Governi e paesi stanno cercando di sabotare il prossimo rapporto dell’Onu sui cambiamenti climatici. Stanno portando avanti un’azione di lobbying che contesta alcuni punti considerati necessità impellenti per risollevare le sorti della crisi climatica e del Pianeta, come quelli di eliminare la dipendenza da petrolio e carbone e di tagliare i consumi di carne.

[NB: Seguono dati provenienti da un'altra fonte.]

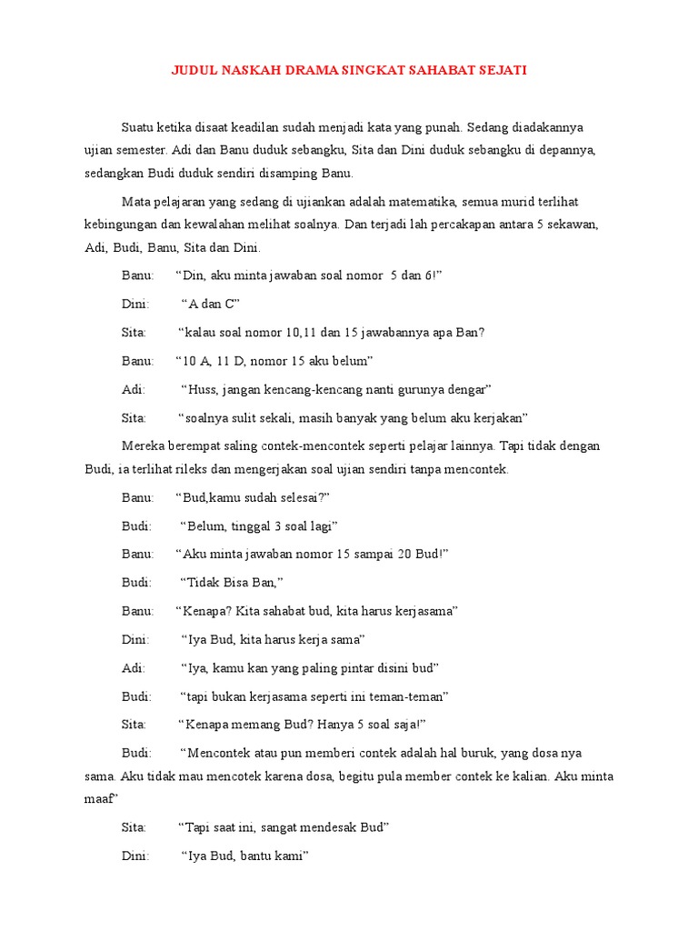 Contoh Skrip Drama Pendek / Contoh naskah drama pendek dimainkan 6 orang. - jiwansti 19
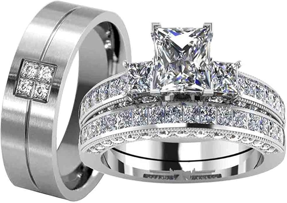 Amazon Com Aonew Couple Rings Three Square Cut Cz Stones Womens
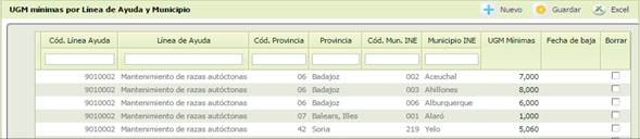 UGM mínimas por Línea de Ayuda y Municipio
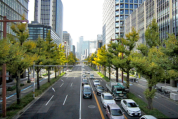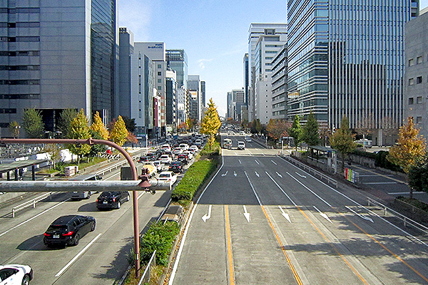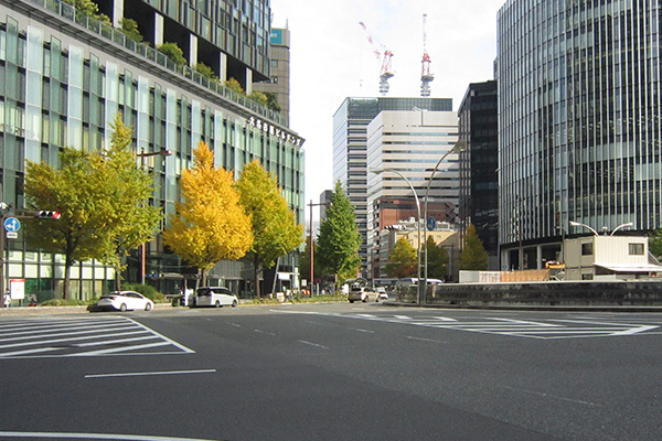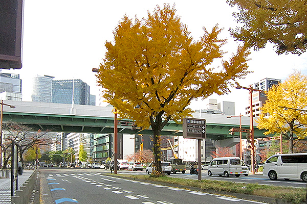 「日銀前」交差点から東方面には緩速車線はなく、歩道と中央分離帯に多様な街路樹が植えられており、まばらにイチョウの姿も見られます。
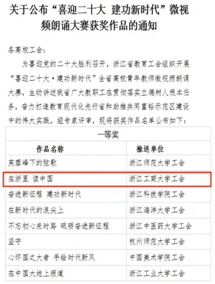 近日,浙江省教育工会发布《关于公布“喜迎二十大 建功新时代”微视频朗诵大赛获奖作品的通知》,美剧屋 中文系吴欣老师的朗诵作品《在浙里 读中国》荣获大赛一等奖。这首《在浙里 读中国》,是学院为此次大赛专门创作的原创作品。她有别于所有同类题材诗歌作品的表现角度,独辟蹊径,从教育工作者立德树人的视角出发,作为历史的见证者和亲历者,以大量新奇的比喻和丰富的想象,拟人化地表达出震撼人心的历史剧变和历史成就。
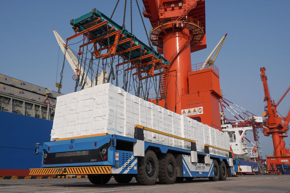 在山东青岛港件杂货全流程自动化码头,无人车在运载货物。
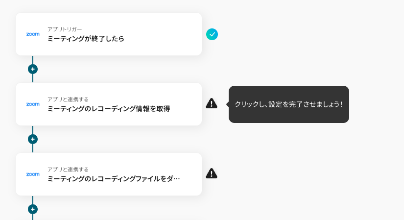 ・Zoomのプランによって利用できるアクションとそうでないアクションがあるため、ご注意ください。
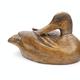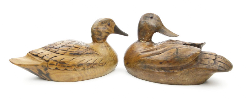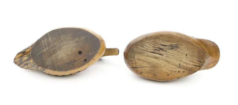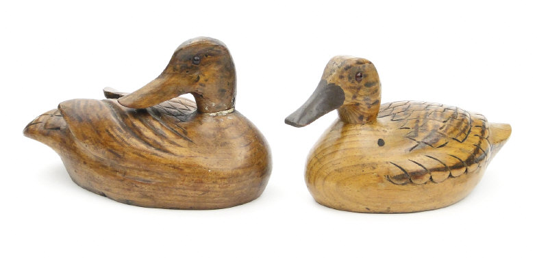Two antique carved wood duck decoys with beaded glass eyes, each approximately 22cm in length
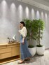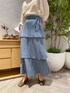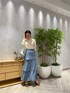 鮮やかなブルーとアイボリーで大人っぽい、上品なコーディネートに。 合わせたティアードスカートは、お尻周りをスッキリ見せつつ縦ラインの綺麗なシルエットが特徴なので、ボリュームのあるトップスとの相性も抜群! 合わせたトップスは落ち感があり、肌が透けるボリュームスリーブが珍しいデザイン。 上半身にボリュームが出すぎると肩幅が気になる方にもおすすめです! 足元をパンプスと合わせるとさらに綺麗目な印象になるので、ディナーなどにもおすすめなコーディネートです。
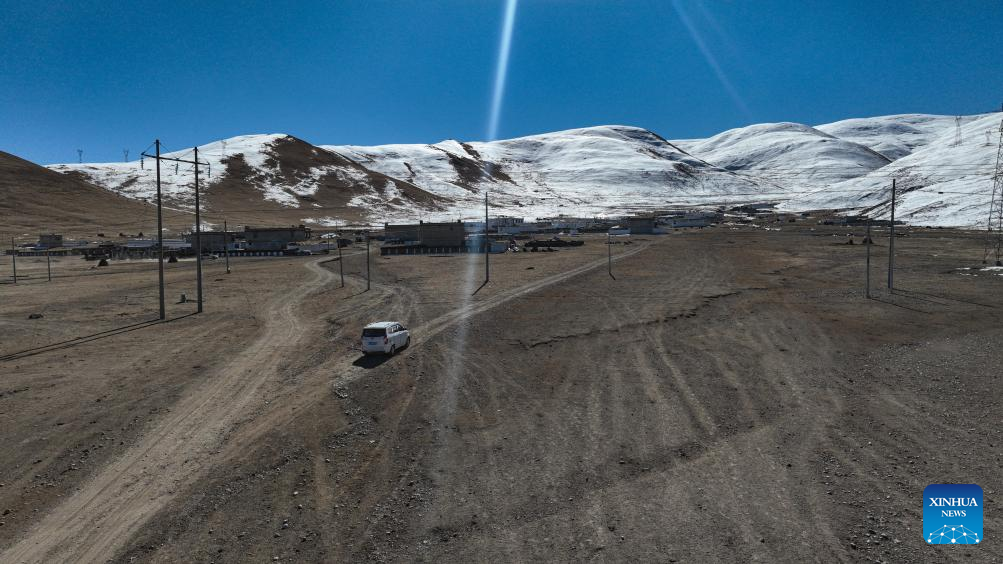 This aerial photo taken on Nov. 15, 2023 shows Sichod Drolma's father driving a car to pick her home in Damxung County, southwest China's Xizang Autonomous Region.
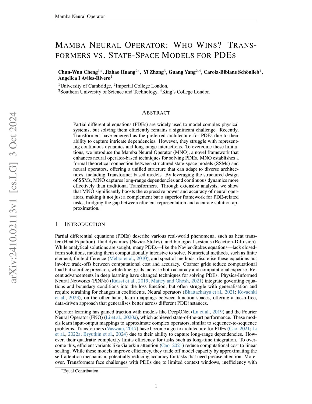 Partial differential equations (PDEs) are widely used to model complex physical systems, but solving them efficiently remains a significant challenge. Recently, Transformers have emerged as the preferred architecture for PDEs due to their ability to capture intricate dependencies. However, they struggle with representing continuous dynamics and long-range interactions. To overcome these limitations, we introduce the Mamba Neural Operator (MNO), a novel framework that enhances neural operator-based techniques for solving PDEs. MNO establishes a formal theoretical connection between structured state-space models (SSMs) and neural operators, offering a unified structure that can adapt to diverse architectures, including Transformer-based models. By leveraging the structured design of SSMs, MNO captures long-range dependencies and continuous dynamics more effectively than traditional Transformers. Through extensive analysis, we show that MNO significantly boosts the expressive power and accuracy of neural operators, making it not just a complement but a superior framework for PDE-related tasks, bridging the gap between efficient representation and accurate solution approximation.
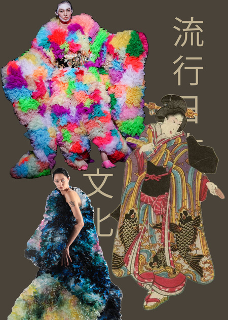 (1) Гравюра японской гейши/Утагава Куниёси/период Эдо (2) Работа современного японского дизайнера Tomo Koizumi/Коллекция «2024SS Paris»
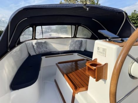 Met heel veel plezier hebben wij de afgelopen jaren gevaren met deze heerlijke sloep. De Makma Vlet combineert uitstekende vaareigenschappen met een robuust, stoer uiterlijk dat de aandacht trekt. Zowel de voorzit als achterzit kunnen omgebouwd worden tot zonnedek. De voorzit is ook groot genoeg om met 2 personen te overnachten. Het voor en achterluik bieden veel opbergruimte, tevens is een degelijk anker met ankerlijn aanwezig.
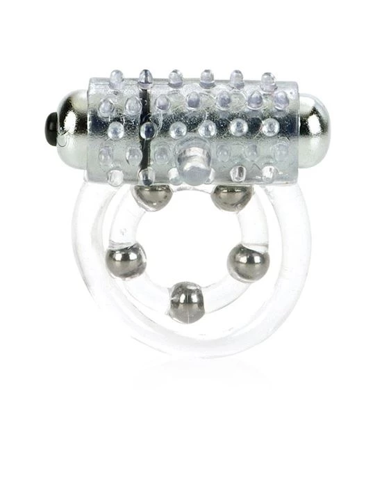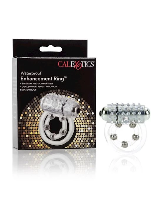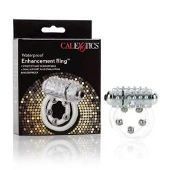 The erection enhancer measures a compact 2.5”x 2”/6 cm x 5 cm and is made from transparent, flexible phthalate-free TPR. The ultra supple and stretchy enhancer ring features double support rings with stimulation beads for him and an erotically textured clitoral stimulation sleeve for her pleasure. The textured sleeve accommodates the removable ABS with silver plating micro stimulator and delivers intensely satisfying ecstasy.
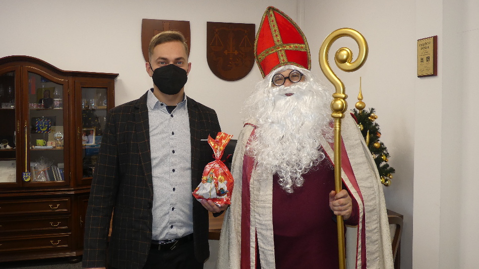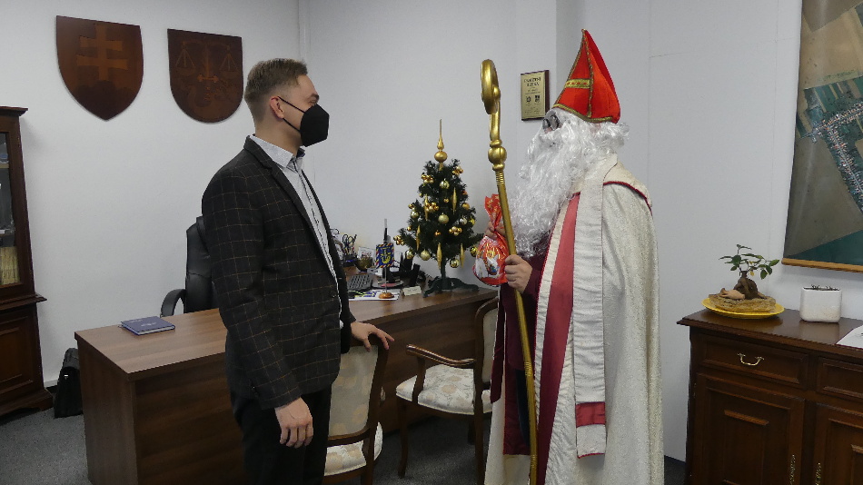 Stretnutie s Mikulášom sa uskutočnilo aj tento rok v obmedzenom režime. V Bánove však Svätý Mikuláš navštívil ZŠ s MŠ Bánov a obecný úrad, kde so sebou pre všetkých priniesol aj malé prekvapenie. Foto: M. Klobučník a M. Ohrádka
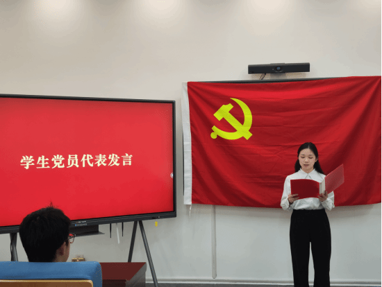 学生党员代表谭颖同志向新党员表达诚挚祝福,结合自身的成长历程,倡议全体学生党员携手共进、互促提升,在学习与服务师生中发挥先锋模范作用。

La fuga di notizie attraverso il leak di decine di migliaia di commenti di governi, aziende e accademici, finita sulla BBC News, rivela che grandi paesi come Brasile, Argentina, Australia, Giappone, Arabia Saudita e i paesi OPEC hanno fatto pressione per annacquare il rapporto scientifico chiave delle Nazioni Unite, quello che viene dall’IPCC, International Panel on Climate Change’s, la principale autorità sui cambiamenti climatici. Cop26 si presenta insomma già a rischio.

L’inchiesta di Unearthed

La denuncia sulle pressioni nazionali per cambiare il report scientifico viene da un’inchiesta realizzata da Unearthed, il team di giornalismo investigativo creato da Greenpeace UK, sulla base di decine di migliaia di documenti, normalmente secretati, con commenti da parte di governi, aziende, scienziati e sulle bozze del prossimo rapporto dell’IPCC.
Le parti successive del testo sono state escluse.